REQUIREMENT:
Skip the pictures and write out, word for word, the lines below from the one with "Basically, it is" through the one with "- Поддержка множества", inclusive.

DATA PROVIDED:
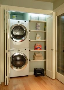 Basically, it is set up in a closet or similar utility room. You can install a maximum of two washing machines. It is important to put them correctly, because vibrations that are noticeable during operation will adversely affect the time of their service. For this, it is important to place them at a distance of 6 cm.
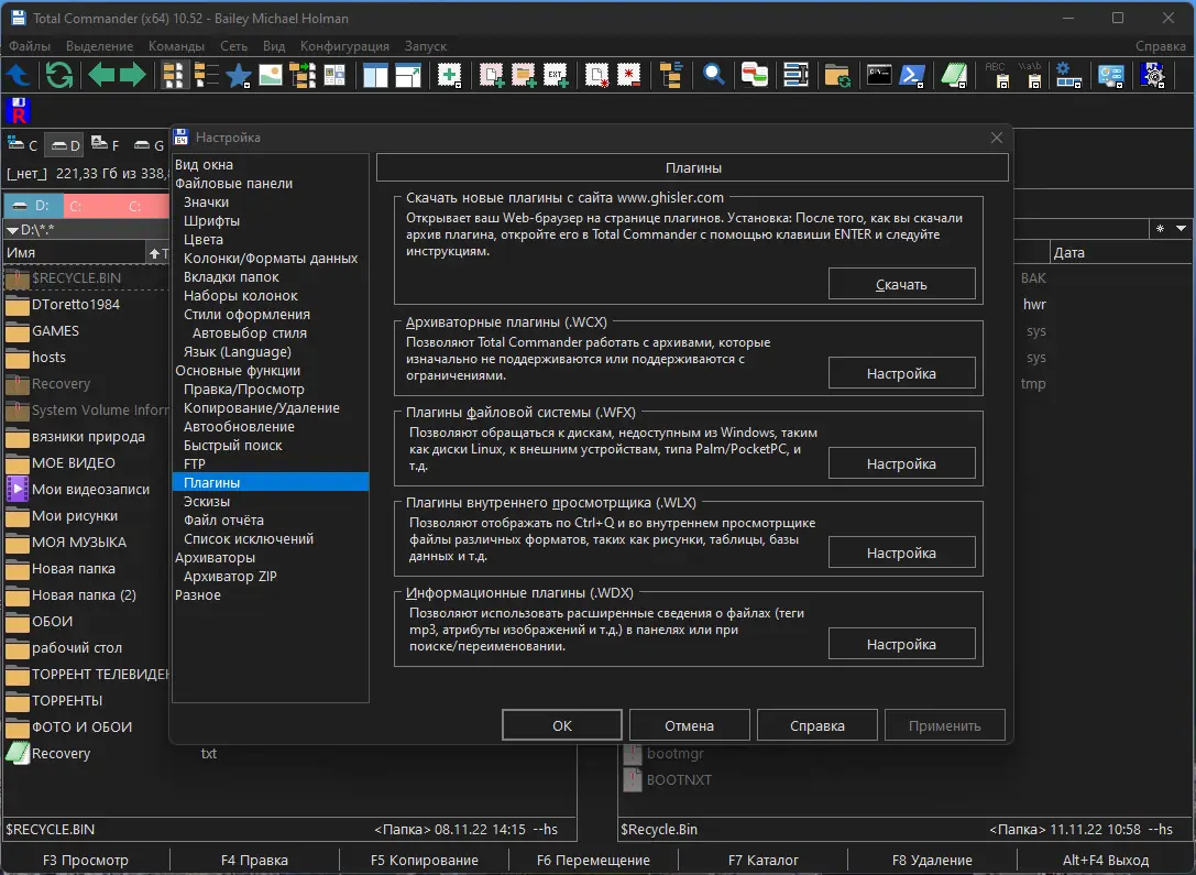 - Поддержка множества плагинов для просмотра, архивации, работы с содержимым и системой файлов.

--

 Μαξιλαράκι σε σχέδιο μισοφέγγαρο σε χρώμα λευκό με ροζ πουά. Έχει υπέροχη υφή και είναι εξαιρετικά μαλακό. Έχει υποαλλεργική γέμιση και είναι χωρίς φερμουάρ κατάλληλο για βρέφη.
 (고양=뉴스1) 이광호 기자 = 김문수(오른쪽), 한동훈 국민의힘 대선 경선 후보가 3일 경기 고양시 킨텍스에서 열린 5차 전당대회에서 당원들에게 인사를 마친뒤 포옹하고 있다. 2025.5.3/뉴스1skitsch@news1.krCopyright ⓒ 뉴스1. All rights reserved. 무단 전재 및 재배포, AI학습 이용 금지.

...

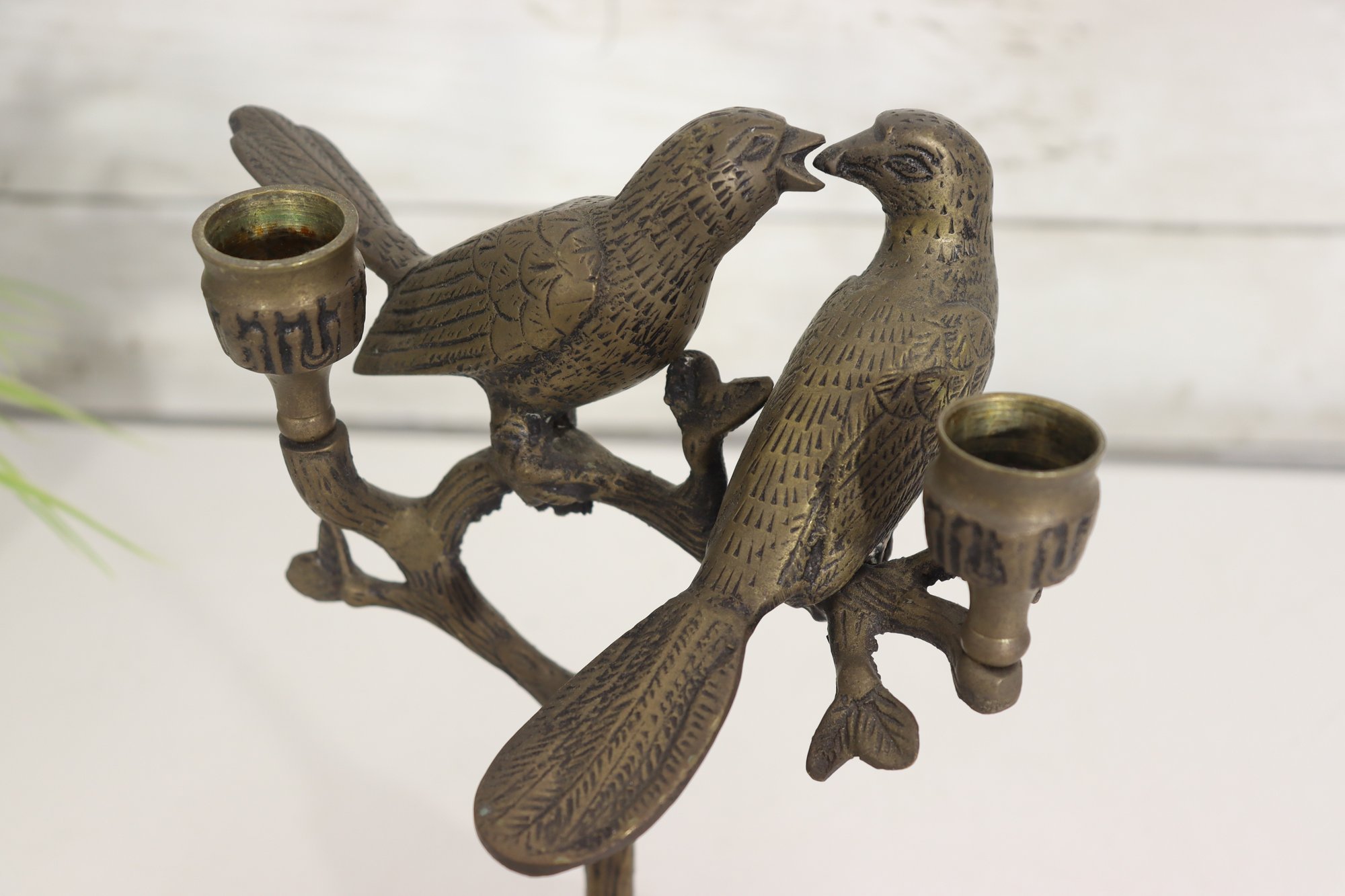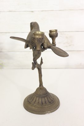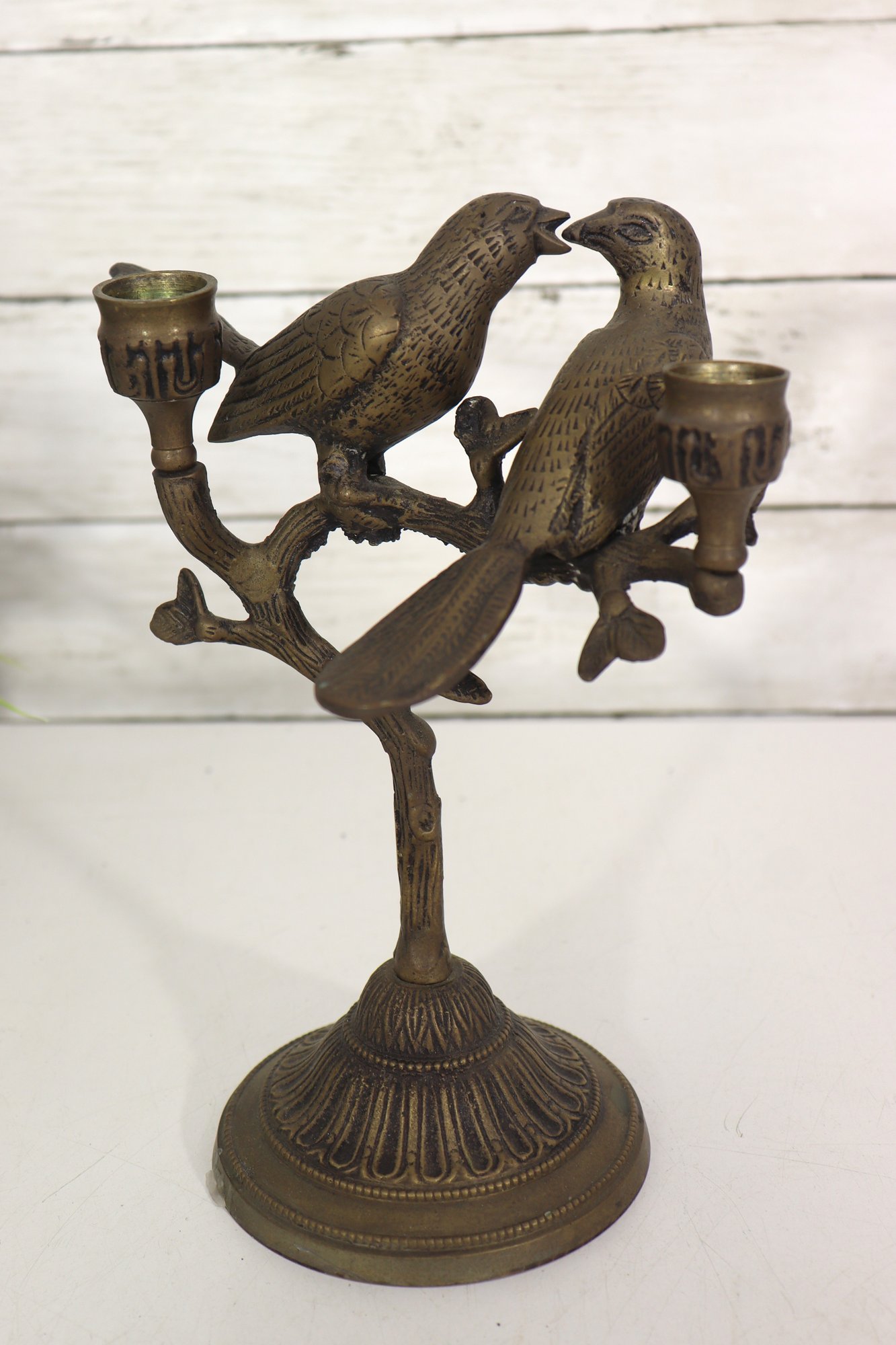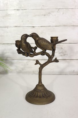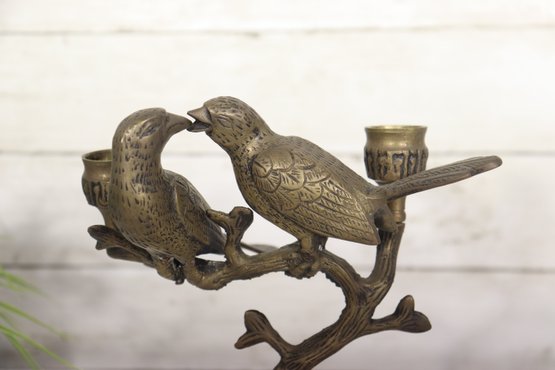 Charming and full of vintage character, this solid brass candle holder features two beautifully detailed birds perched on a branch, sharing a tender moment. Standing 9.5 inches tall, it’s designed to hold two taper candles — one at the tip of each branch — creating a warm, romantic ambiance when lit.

ANSWER TO THE EXERCISE:
 Basically, it is set up in a closet or similar utility room. You can install a maximum of two washing machines. It is important to put them correctly, because vibrations that are noticeable during operation will adversely affect the time of their service. For this, it is important to place them at a distance of 6 cm.
 - Поддержка множества плагинов для просмотра, архивации, работы с содержимым и системой файлов.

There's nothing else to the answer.